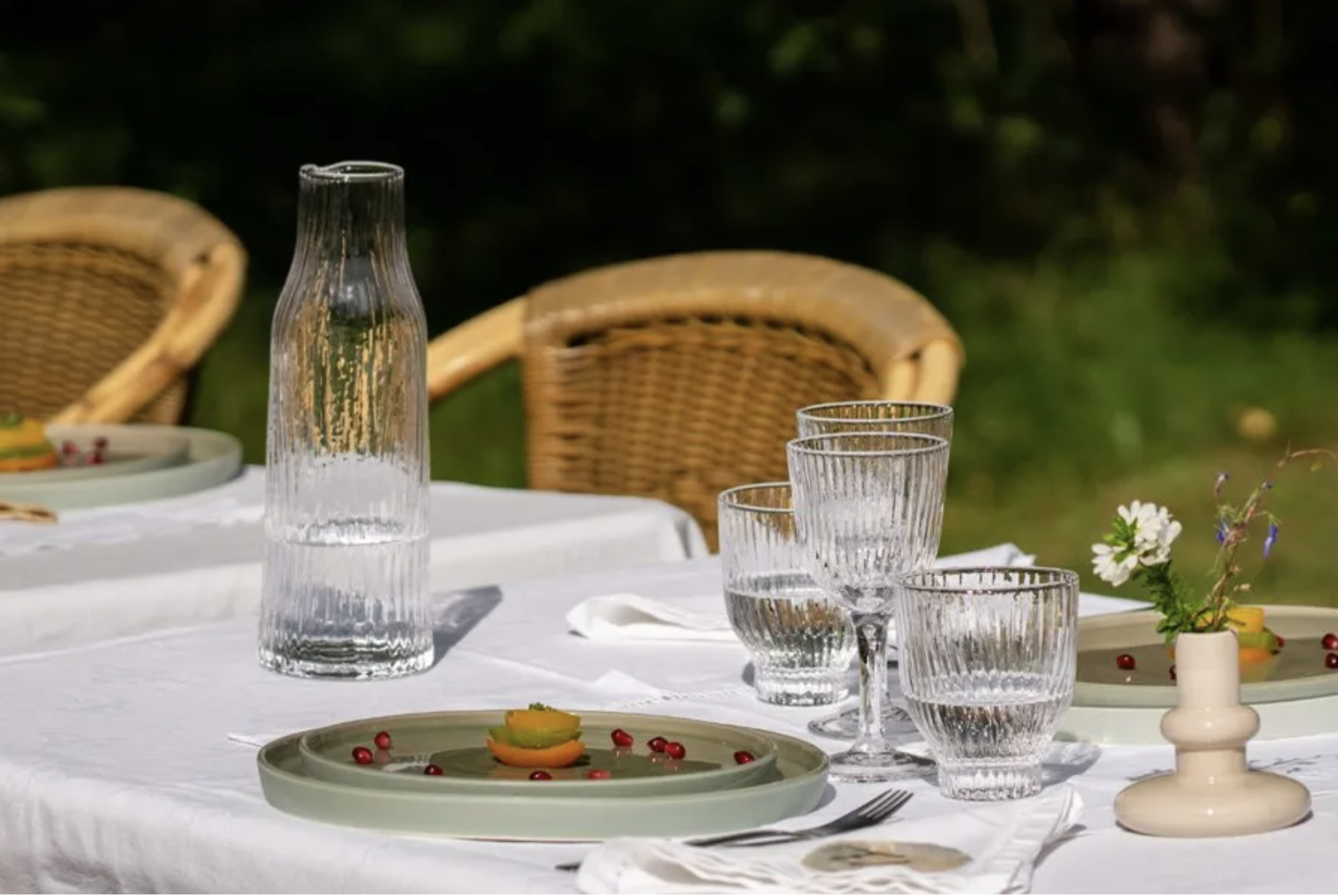 Det bølgete designet er inspirert av det krusede mønsteret du ser i vann og sand formet av vinden. Glasskolleksjonen er tilgjengelig i flere farger. Miks og match som du vil. Passer nydelig til keramikk servicet også.
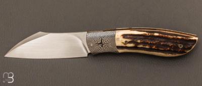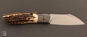 Couteau " Wharncliffe " custom pliant par Milan Mozolic - Cerf sambar / damas et W2
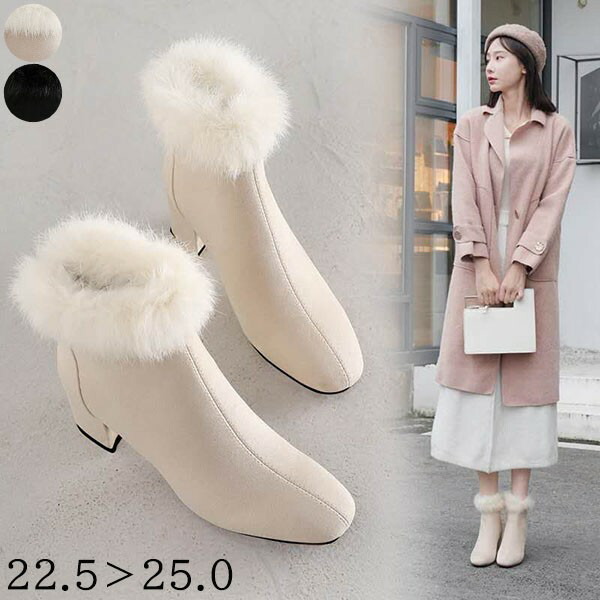 レディース ショートブーツ フェイクファー スエード あったか ヒール5cm 可愛い ふわふわ もこもこ lolita ロリータ リボン 防寒 通勤 滑りにくい ブラック オフホワイト 22.5 雪靴
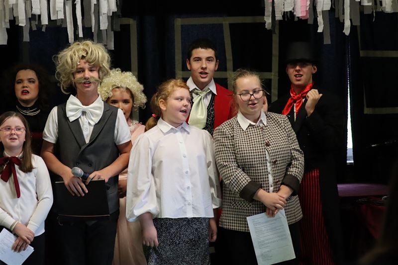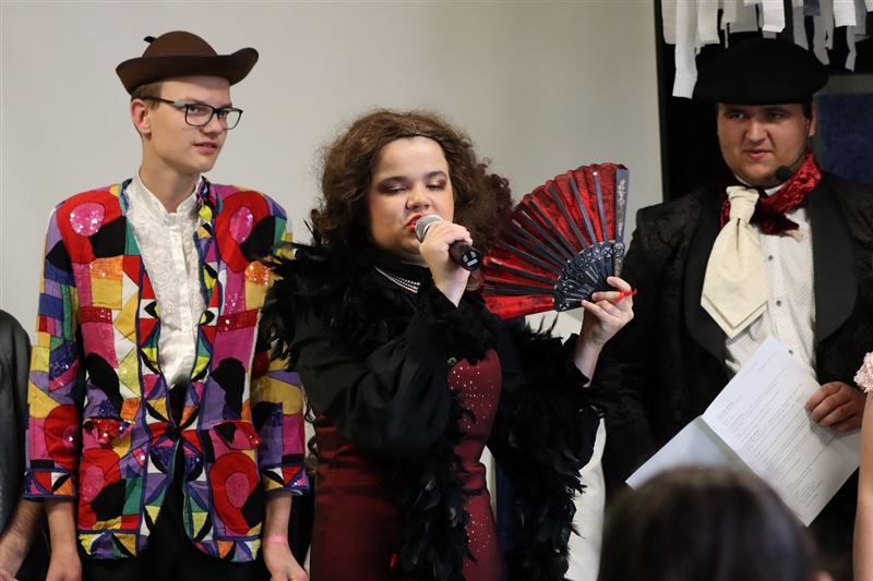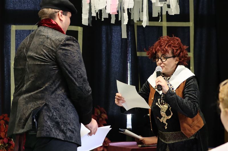 Dwadzieścioro uczniów przygotowało wyjątkowy program artystyczny pod kierunkiem opiekunów szkolnego koła teatralnego oraz muzycznego. Składał się z dwóch połączonych ze sobą części: odegranych przez uczniów scenek z lekcji szkolnych oraz przedstawienia teatralnego według „Zemsty” Aleksandra Fredry.
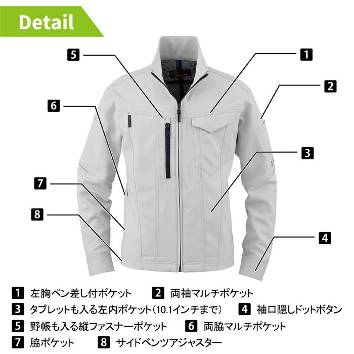 ◇機能:野帳も入る縦ファスナーポケット・両袖マルチポケット・脇マルチポケット・両袖反射材付・背中反射材付・タブレットも入る内ポケット・サイドベンツアジャスター
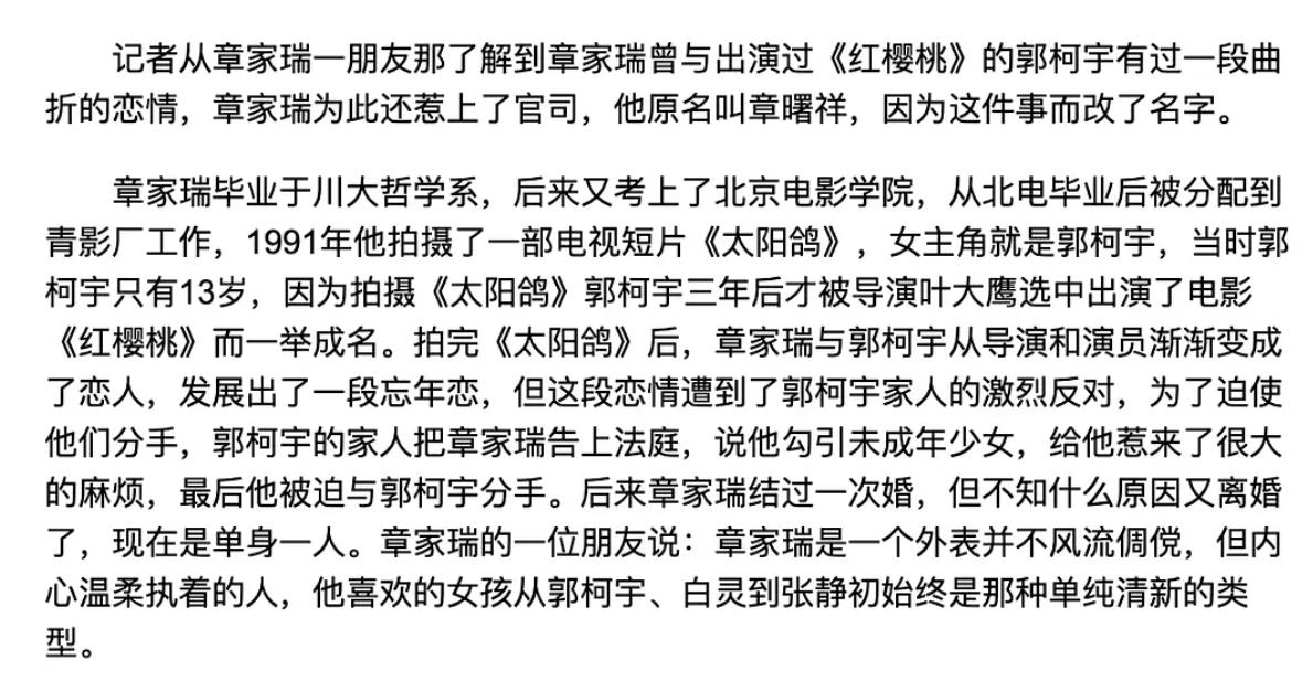 简单查了一下郭柯宇的感情经历,郭柯宇曾经的恋人竟然是章家瑞,相恋的时候女方还是未成年!章家瑞是挖掘郭柯宇的导演,但这段恋情因为父母的阻拦无疾而终。郭柯宇应该是之前爱得太用力了,受伤之后觉得别折腾了,差不多找个人结婚算了。
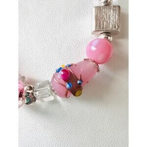 Handmade artisan bracelet with vibrant pink lampwork glass beads, crystal accents, and silver-tone spacers. Unique designs include raised dots, swirls, and foil-style details. Measures approximately 8 inches long with a toggle clasp closure.
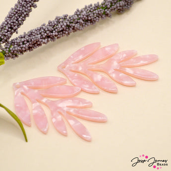 These floral fern acrylic pendants feature a light pink color! Ideal for earrings and necklaces, these lightweight beads feel as light as they look. Each pendant measures 48mm x 28mm x 2.4mm. Inner bail measures 1.5mm. Each set includes 2 pendants
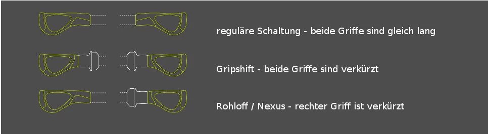 - Variantes (à choisir en option) : Regular: les deux poignées sont de la même longueur/ Rohloff® / Nexus®: poignée droite raccourcie/ Gripshift®: les deux poignées sont raccourcies
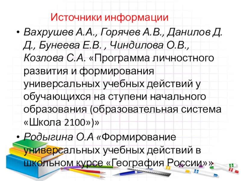 О.В., Козлова С.А. «Программа личностного развития и формирования универсальных учебных действий у обучающихся на ступени начального образования (образовательная система «Школа 2100»)»
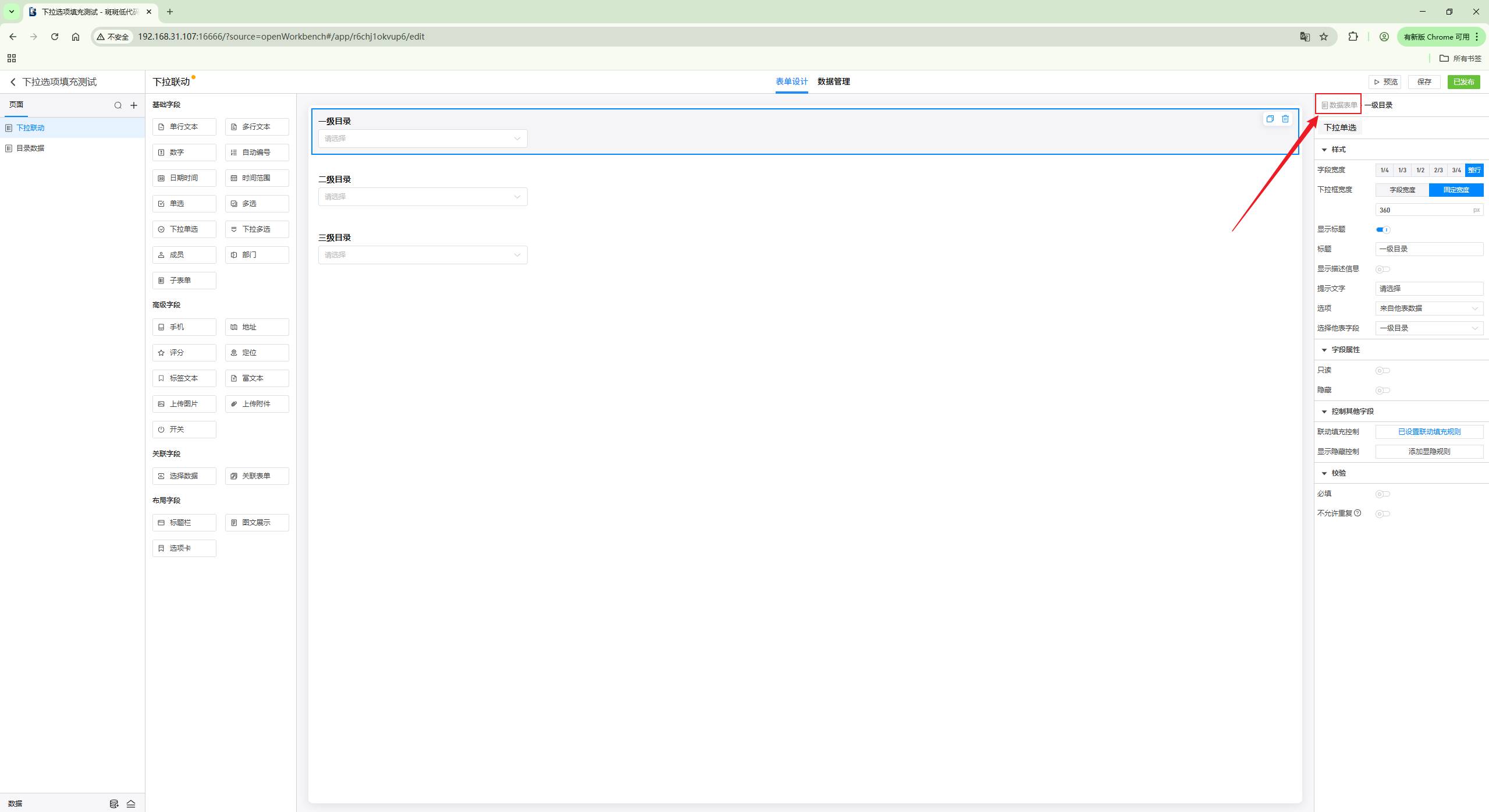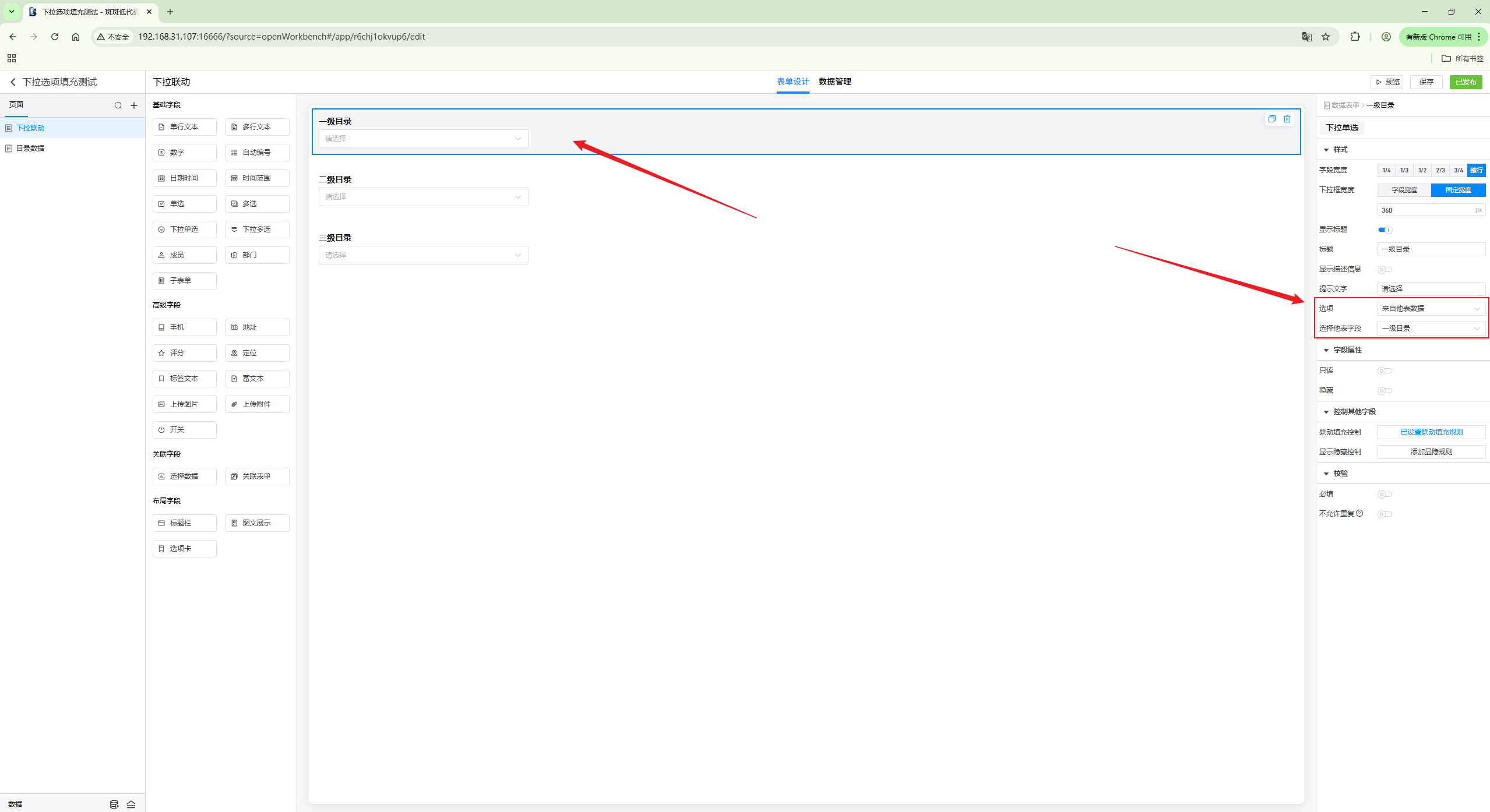 第一步:设置第一个下拉选项来自他表数据,选择对应的字段

▬▬▬▬▬▬

Brief:
Copy out exactly the lines from the one with "О.В., Козлова С.А." through the end of the listing, both ends included, omitting any picture.

Written answer:
 О.В., Козлова С.А. «Программа личностного развития и формирования универсальных учебных действий у обучающихся на ступени начального образования (образовательная система «Школа 2100»)»
 第一步:设置第一个下拉选项来自他表数据,选择对应的字段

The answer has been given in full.